La calidad de su actuación parlamentaria es deplorable. La población mayoritariamente quisiera que el adelanto de elecciones incluya a los representantes parlamentarios, sin embargo, todos los intentos para una culminación anticipada del mandato han sido frustrados por el propio Congreso.

El afán de aferrarse al escaño es notorio, y en eso los jugosos emolumentos son el incentivo perverso.

En el frente externo, el gobierno de Dina Boluarte tampoco la tiene fácil. Entre la incontinencia verbal de AMLO, los erráticos juicios de Petro y el trabajo soterrado de Evo

Morales, el Gobierno Peruano se siente aislado en el vecindario.

El régimen nació a la luz con el signo ideológico equivocado. Ni la OEA ni ningún otro organismo continental le garantizan al régimen imparcialidad en el juicio, y los excesos policiales son contados en los foros internacionales en clave de Política de Estado.

La narrativa del Estado represor y dictatorial ha ganado -sin merecerlo- la tribuna internacional.

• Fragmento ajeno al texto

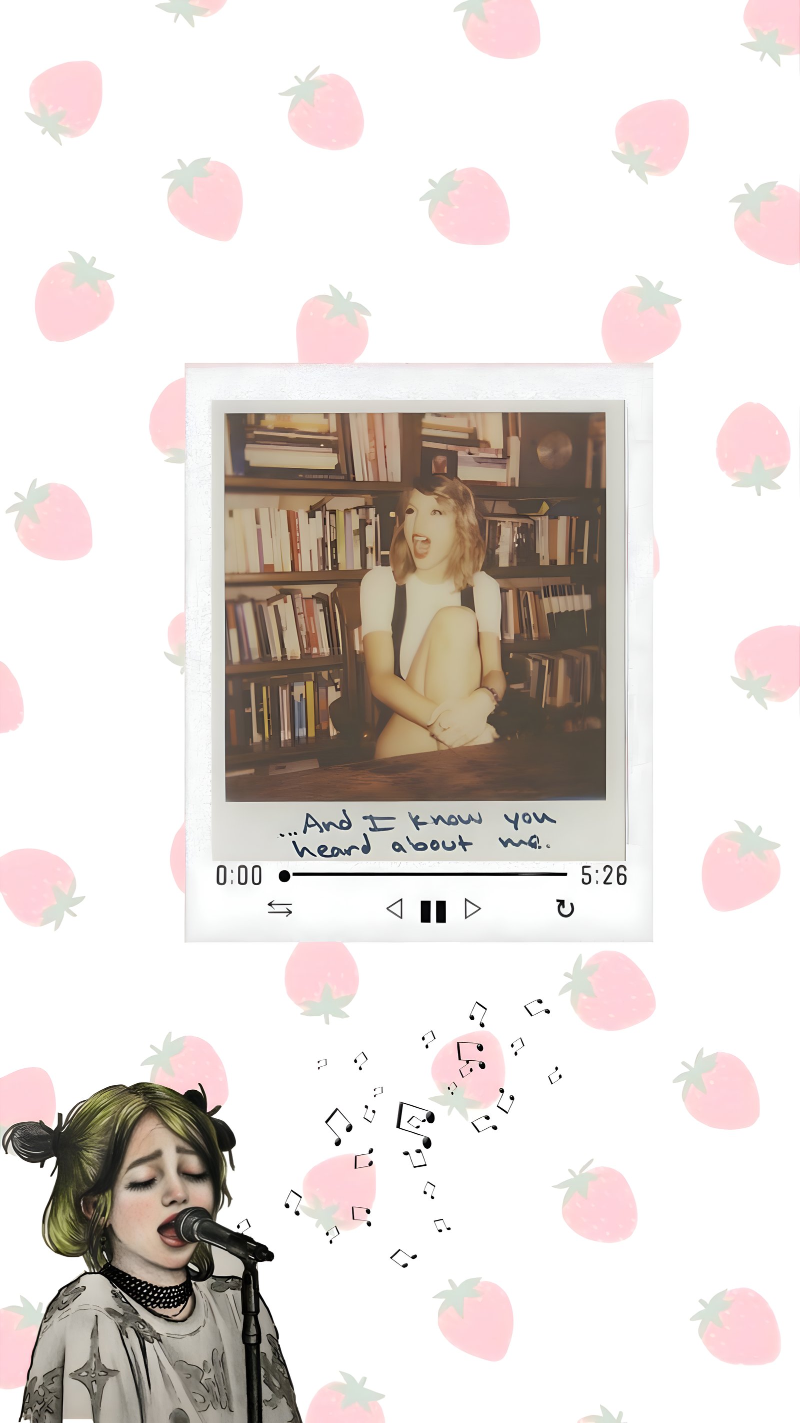 Strawberry music collage this HD wallpaper captures a vibrant and expressive collage that feels both nostalgic and modern. The background features a charming pattern of pink strawberries with green tops, adding a sweet and whimsical touch. At the center, a Polaroid-style photo showcases a smiling woman seated in front of a bookshelf, evoking warmth and candid joy. Beneath the photo, handwritten text reads, “…And I know you heard about me,” hinting at personal storytelling and lyrical depth.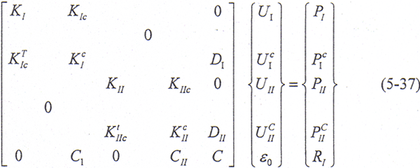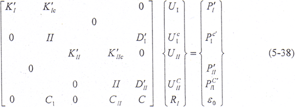 若用三角分解算法進(jìn)行分解消元運(yùn)算,使與接觸面有關(guān)的剛度矩陣變換成為單位矩陣,同時(shí)求出相應(yīng)的系數(shù)矩陣的改變DⅠ、DⅡ和載荷向量的改變PⅠ′、PⅠC、PⅡ′、PⅡC,則矩陣方程成為

Hace unos días un reconocido periodista Andrés Oppenheimer decía que si bien el Perú atravesaba un ciclo de inestabilidad política social, ésta no afectaba la economía, que se mantenía estable gracias a la autonomía del Banco Central de Reserva, que es quien mantenía la inflación controlada, el tipo de cambio estable y un alto nivel de Reservas Internacionales Netas.

Eso es cierto, pero la estabilidad de los fundamentos económicos requiere de una economía real que crezca, que la producción se incremente y que la productividad mejore.

Los disturbios sociales de los últimos meses han sido arteros en cuanto a bloquear sectores claves de la economía, principalmente el turismo y la minería y en alguna medida la agroindustria.

Por ello, no es de extrañar que los resultados macroeconómicos en los próximos meses reflejen una caída del PBI.

Con lo cual podría darse fin al ciclo virtuoso del crecimiento económico. Es fácil bajar uno o medio punto porcentual del PBI en pocos meses. Subir un punto suele demorar años.

Finalmente, no podemos teminar este análisis sin mencionar al gran actor tras bambalinas: la economía criminal que es artífice de gran parte de la actividad económica, y que tiene sus voceros más o menos disimulados en los Poderes Públicos.

El narcotráfico, la minería ilegal, la tala ilegal de los bosques amazónicos, el sicariato, la trata de personas, la “industria” de la extorsión, etc. son actividades que en el último lustro han adquirido dimensiones nunca vistas.

Se atribuye a ellos -y no sin razón- que financian los movimientos violentistas que se presentan con una máscara de reivindicaciones sociales.

El Estado Peruano no ha medido aun el real impacto social, político y económico de la economía criminal.

A los zares del crimen organizado les interesa un Estado Peruano fallido, débil y una sociedad desmoralizada; en ello se acercan sus posiciones con los políticos extremistas.

Se necesita un movimiento social, liderado por una nueva generación de líderes que pongan en evidencia esta realidad y la enfrente.

De lo contrario el Perú podría caer en una debacle irreversible. Dios nos proteja.